Data excerpts section start

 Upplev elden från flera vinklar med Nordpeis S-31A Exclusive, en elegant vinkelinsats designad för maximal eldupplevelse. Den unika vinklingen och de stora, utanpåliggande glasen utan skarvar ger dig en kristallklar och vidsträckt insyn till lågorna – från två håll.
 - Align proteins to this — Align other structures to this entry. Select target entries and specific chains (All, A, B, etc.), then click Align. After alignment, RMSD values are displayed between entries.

Data excerpts section end
Data excerpts section start

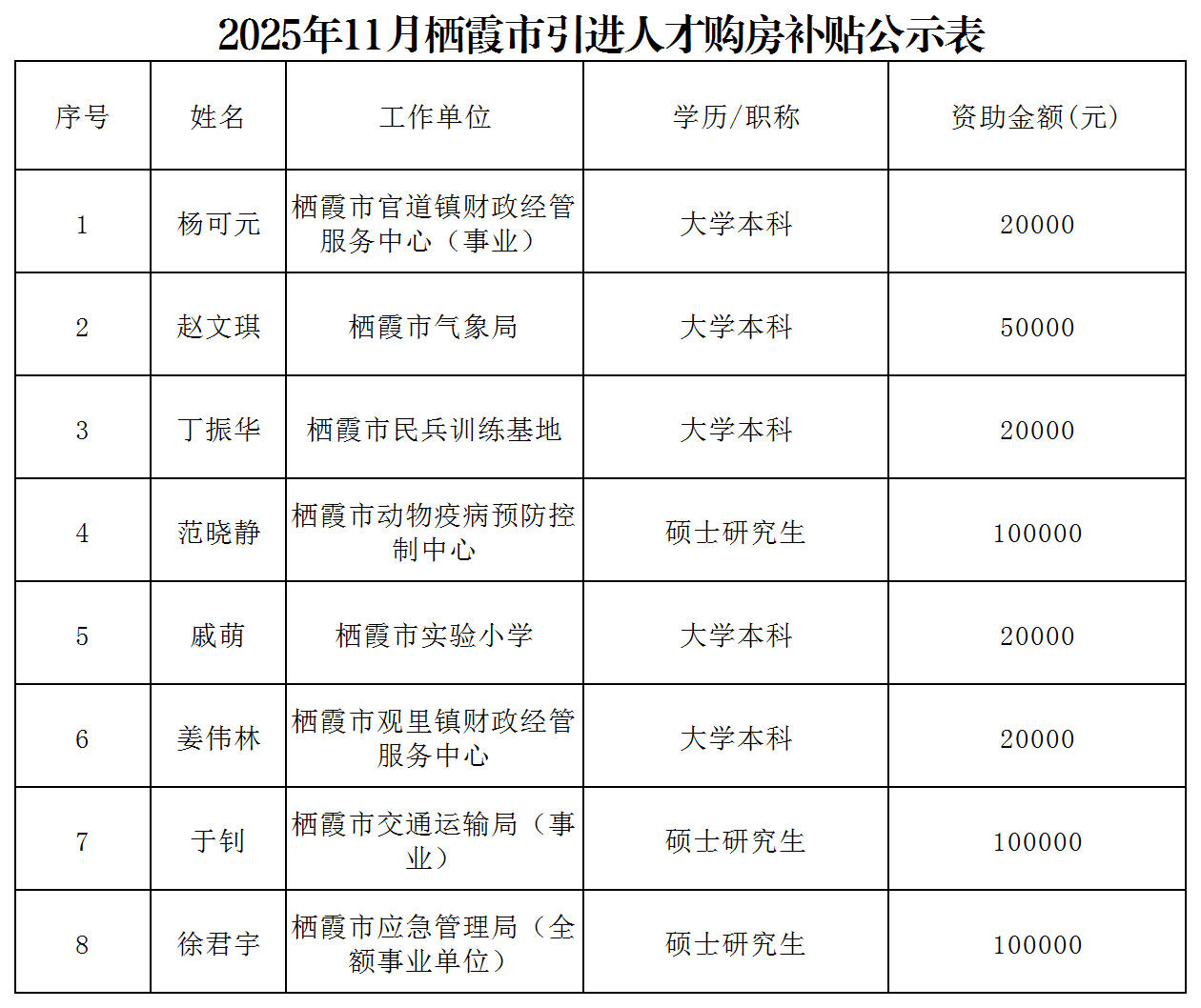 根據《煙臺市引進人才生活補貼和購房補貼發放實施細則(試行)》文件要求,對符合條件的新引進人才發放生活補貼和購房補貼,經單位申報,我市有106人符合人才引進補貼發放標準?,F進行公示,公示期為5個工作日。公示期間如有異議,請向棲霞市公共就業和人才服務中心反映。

Data excerpts section end

_Task directions_:
Look above for the line holding "Upplev elden från" and the line holding "- Align proteins". Retype both, and every line between them, word for word and nothing else.

_Solved problem_:
 Upplev elden från flera vinklar med Nordpeis S-31A Exclusive, en elegant vinkelinsats designad för maximal eldupplevelse. Den unika vinklingen och de stora, utanpåliggande glasen utan skarvar ger dig en kristallklar och vidsträckt insyn till lågorna – från två håll.
 - Align proteins to this — Align other structures to this entry. Select target entries and specific chains (All, A, B, etc.), then click Align. After alignment, RMSD values are displayed between entries.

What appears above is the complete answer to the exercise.